$R$ is the set of all real number.
$R[x , y] \over \langle x^2 +1\rangle$ isomorphic to $R[i] [y]$
$R[x , y] \over \langle x\rangle $ isomorphic to $R[0][y]$
then why $R[x , y] \over \langle x^2\rangle$ is not isomorphic to $R[0][y]$? Rather it is isomorphic to $R[i][y]$. Despite the fact that $0$ is a root of $x^2$.
Can anyone explain me in simple language keeping in mind the fact that I only have the basic knowledge of Ring ?
Thank You in advance.
First of all, everywhere where you wrote $R[x,y]$, you should instead have $R[x]$.

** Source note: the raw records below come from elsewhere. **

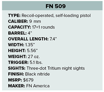 The 509’s slide lacks a bushing—a good thing—and is machined with cocking serrations front and rear, with the front contour of the slide beveled so it feels less like a 2x4 in your holster. The wedge shape of the slide is easy to align with the holster opening, and plenty of holsters are made for it. Tritium three-dot night sights come standard on this gun. (Given the MSRP of the 509, it seems like FN is handing out night sights as freebies.) Also, for those who have trained for it, the rear sight is an upright blade that can be used as a one-handed cocking or slide-manipulation ledge.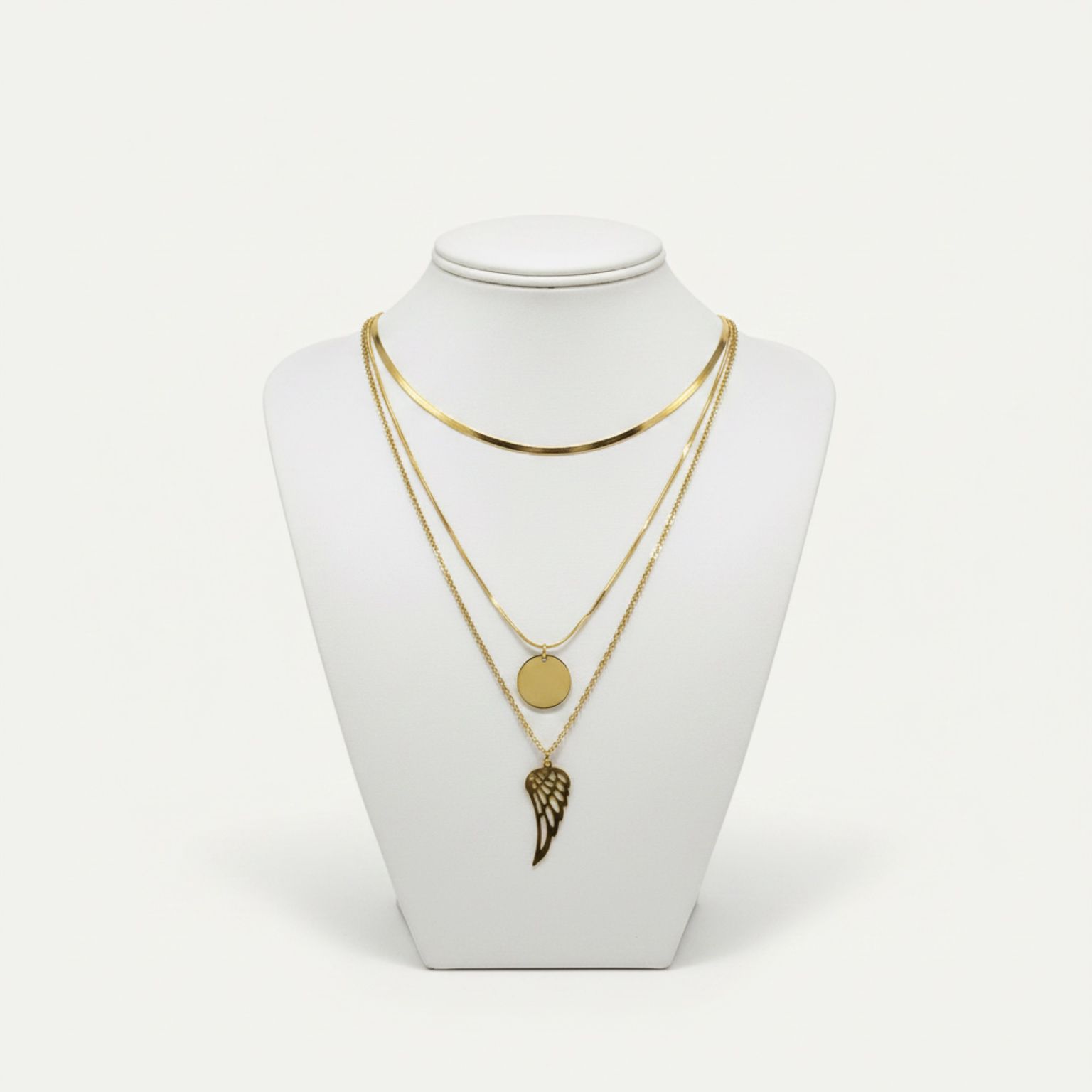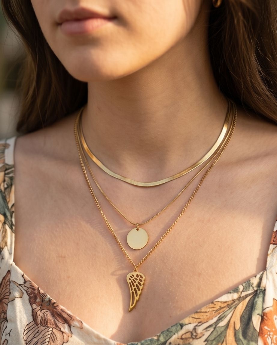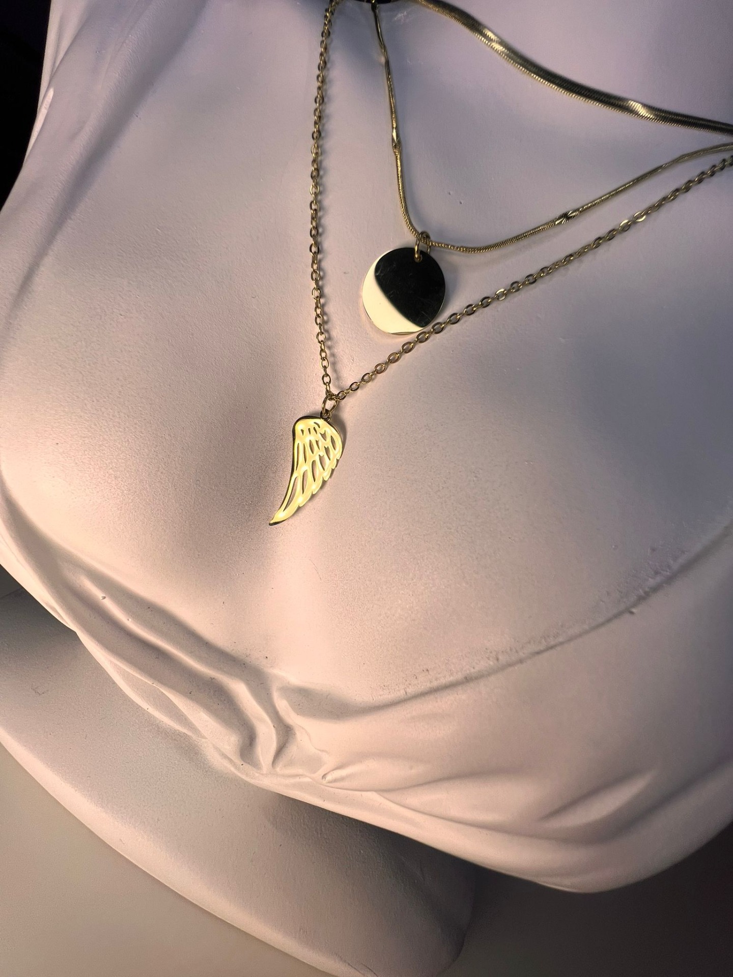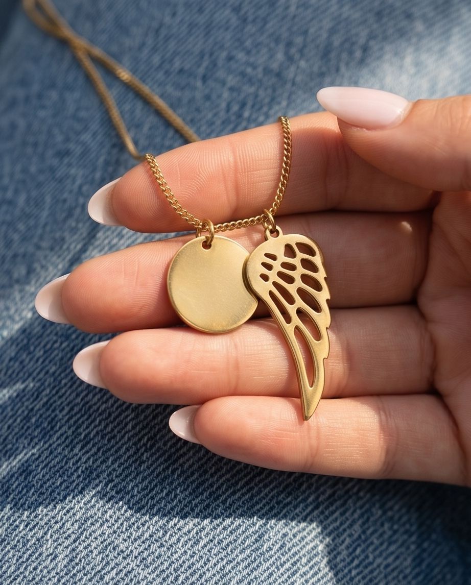 Pandantive: Disc metalic lucios și Aripă de Înger filigranată.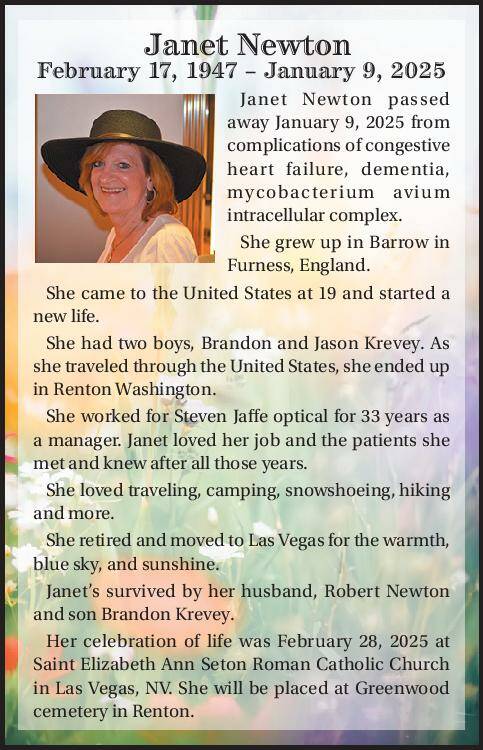 Janet Newton passed away January 9, 2025 from complications of congestive heart failure, dementia, mycobacterium avium intracellular complex.
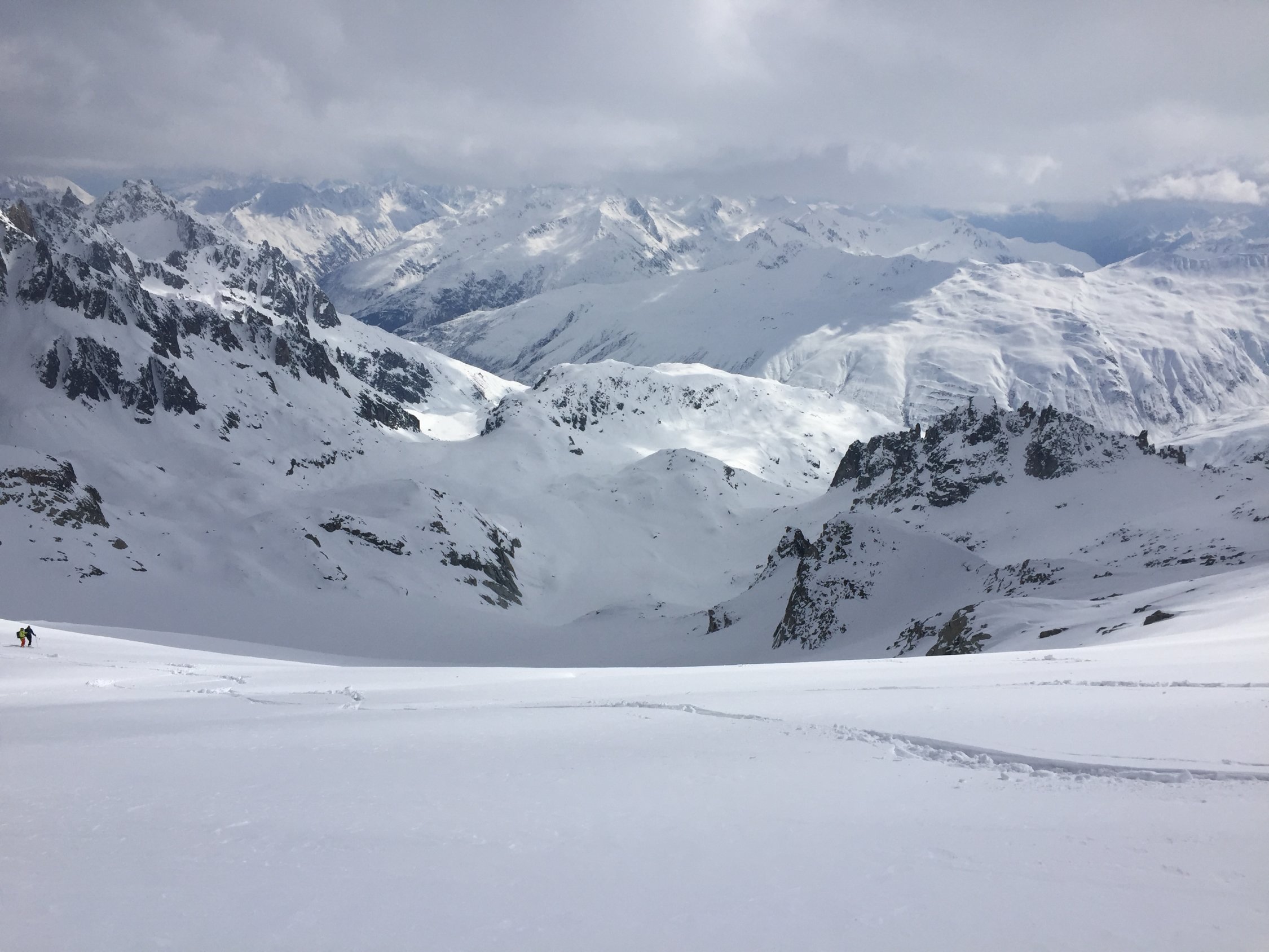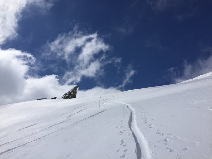 Start um 0630h bei 2 Grad. Wir waren aufgrund des Lawinenbulletins etwas verunsichert in Bezug auf Nassschneelawinen. Die Schneeoberfläche war gefroren. Tiefer liegende Schichten jedoch etwas feucht. Noch nicht besorgniserregend zur frühen Stunde. Dank der nächtlichen Abstrahlung, der herrschenden Temperatur und nach freundlicher Beratung mit einem Türeler, entschieden wir unser Vorhaben in die Tat umzusetzen.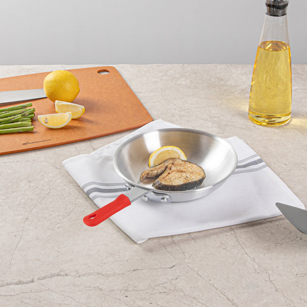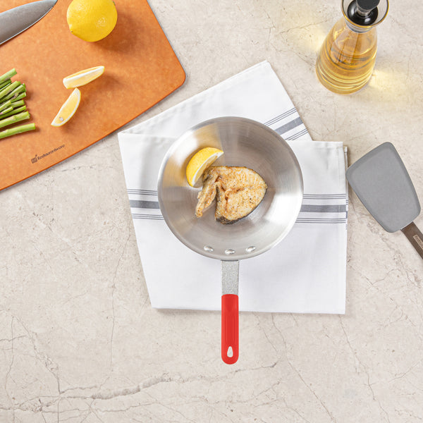 Elevate your kitchen's efficiency with our Bundle: Met Lux 1 Aluminum 7" Fry Pan with 1 Red Silicone Pan Handle Sleeve. Crafted from 3.5 mm thick aluminum, this fry pan ensures even heat distribution, offering consistent cooking results for your culinary creations. The lightweight design of this aluminum fry pan makes it effortless to flip, stir, and saute your dishes, enhancing your cooking precision. Featuring a satin finish, this frying pan is perfect for searing, sauteing, and browning food, adding a touch of finesse to your meals. The triple-riveted handle of this skillet pan provides a secure and comfortable grip, allowing for confident maneuvering while cooking. With a convenient hanging hole, this skillet simplifies storage and keeps your kitchen organized. Designed for hand washing, this aluminum skillets are easy to maintain and ensure long-lasting performance. The removable design of this silicone sleeve allows for easy interchange between pans, improving kitchen efficiency and reducing clutter. With the ability to withstand heat temperatures up to 450F, this removable handle sleeve protects your hands from burns, ensuring the safe handling of hot pan. Featuring molded indentations, this pan handle sleeve offers a secure grip, minimizing the risk of accidental slippage and enhancing safety. Measuring 12.99 inches in length by 7.56 inches in width by 2.28 inches in height, this aluminum cooking pan provides ample space for frying a variety of ingredients. Each order includes 1 pan and 1 sleeve.

You seem to be working under the misunderstanding that $R[x]/\langle p(x)\rangle$ is equal to $R[\alpha]$, where $\alpha$ is a root of $p(x)$. This is only true when $p(x)$ is an irreducible polynomial over $R$, meaning it cannot be factored into smaller real polynomials. The polynomial $x^2+1$ is irreducible over $R$, so you can say $R[x]/\langle x^2+1 \rangle=R[i],$ where $i^2+1=0$. Note that $x^2+1$ is reducible over $\mathbb C$, but that does not matter.
In your case, $x^2=x\cdot x$ is reducible, so you cannot say that $R[x]/\langle x^2\rangle=R[0]$. The best you can say is that every element of $R[x]/\langle x^2\rangle$ is of the form $ax+b$, where $x$ is a symbol which satisfies $x\neq 0$ and $x^2=0$.